Sprint Corp. (NYSE:S) Chief Executive Officer Dan Hesse has said that he expects more mergers and acquisitions within the wireless industry in an interview at the IFA Consumer Electronics conference in Berlin on Friday.
The remarks come after British wireless carrier Vodafone (NASDAQ:VOD) announced earlier this week that it would sell its 45 percent stake in U.S. carrier Verizon Wireless to Verizon Communications (NYSE:VZ), Vodafone’s partner in the venture. Verizon will pay $130 billion to buy Vodafone out, the biggest deal in over a decade. Verizon has already started pursuing funding for the deal, which will give it control of the biggest 4G LTE network in the U.S. The companies said they expect the transaction to close in the first quarter of 2014.

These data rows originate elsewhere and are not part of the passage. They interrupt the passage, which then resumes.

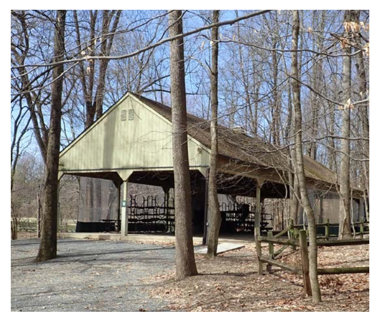
Figure B-8 Existing Structure #8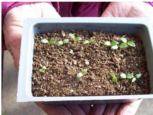
Pasque flower seedlings; three in bottom row still coming up.

A favorite spring flower that the peasant likes to share is the pasque flower. It blooms early to provide its lovely color and when the blooms have faded its fluffy seed heads continue to beautify the plant all during summer. If you grow the pasque flower, you'll discover that it likes some space and more aggressive plants encroaching on it will cause it to lose vigor and eventually to die out. Keeping an open area around the plant will allow it to thrive and make it stand out.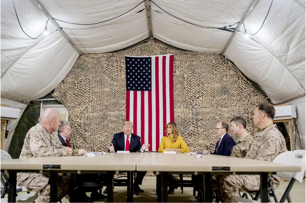
One of the turning points in Trump's decision making on Syria: being briefed by American military commanders at the Al-Asad air base in Iraq, December 26, 2018.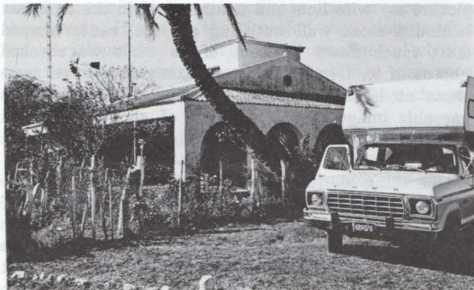
Pedro Romaniuk's camper stands next to the ranch house at the estancia La Aurora. Most of the UFO sightings were from the immediate grounds of the house.

At each location, we saw the same sight—a large circle on the ground where the grass had been burned away, then had grown back much greener than the surrounding grass. In each circle there were three impressions, forming a triangle, as if they had been formed by pod-shaped landing gear. In these impressions no grass had grown back, even though some of them were more than three years old. Each of the impressions was approximately two feet in diameter. The grassy circles varied from about 20 feet to 100 feet in diameter, and the indentations, or pod marks, were spaced farther apart when located in the larger circles. Next to each pod mark was a smaller indentation, varying from two to three inches in diameter. Again, vegetation had not grown back in these smaller indentations regardless of age. Each of these small impressions was located a few inches from the larger pod marks, and always on their outside edge, that is, on the edge facing the outer rim of each grassy circle. In this respect, the impressions at La Aurora seem to be unique. While we had heard about and seen photographs of apparant pod impressions in other parts of the world, we had never seen smaller circular impressions next to them. Romaniuk believes these were formed by "probes"—shafts extended from each pod of a landing gear to test the ground for firmness, ascertaining whether or not it was capable of supporting the weight of a heavy craft before a final landing was completed.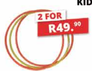
HOOLA HOOPS R29.90 EACH | ASSORTED COLOURS

According to a report from Bloomberg, Hesse told reporters, “More consolidation in the industry is inevitable as phone carriers need more capacity to continue to invest and improve services. That’s also been reflected in what we’ve seen with Vodafone and Verizon. We should see more deals in the coming future.”
Sprint itself sold a majority stake to Japanese carrier SoftBank Corp. (SFTBY.PK) earlier this summer. SoftBank purchased a 78 percent stake in Sprint for $21.6 billion in a deal that closed back in July. SoftBank CEO Masayoshi Son has said he plans to turn the third-largest wireless carrier in the U.S. into a real competitor against top dogs AT&T (NYSE:T) and Verizon, and eventually turn SoftBank into the biggest wireless carrier in the world.
AT&T isn’t out of the action either as it has expressed interest in buying whatever’s left of Vodafone after the Verizon deal goes through. AT&T has been looking for a way to expand into Europe for awhile and Vodafone has assets all over the continent. But, it has also been suggested that Vodafone will use the cash from Verizon to expand into offering popular bundle packages that include broadband and cable as well as wireless phone service. AT&T said it would lose interest in Vodafone if the company chooses to expand outside just phone service.
Hesse also said that a foreign expansion may be in the cards for Sprint in the future. All in all, the wireless industry seems to be shrinking, and American consumers can only hope we don’t end up in the same situation as Canada.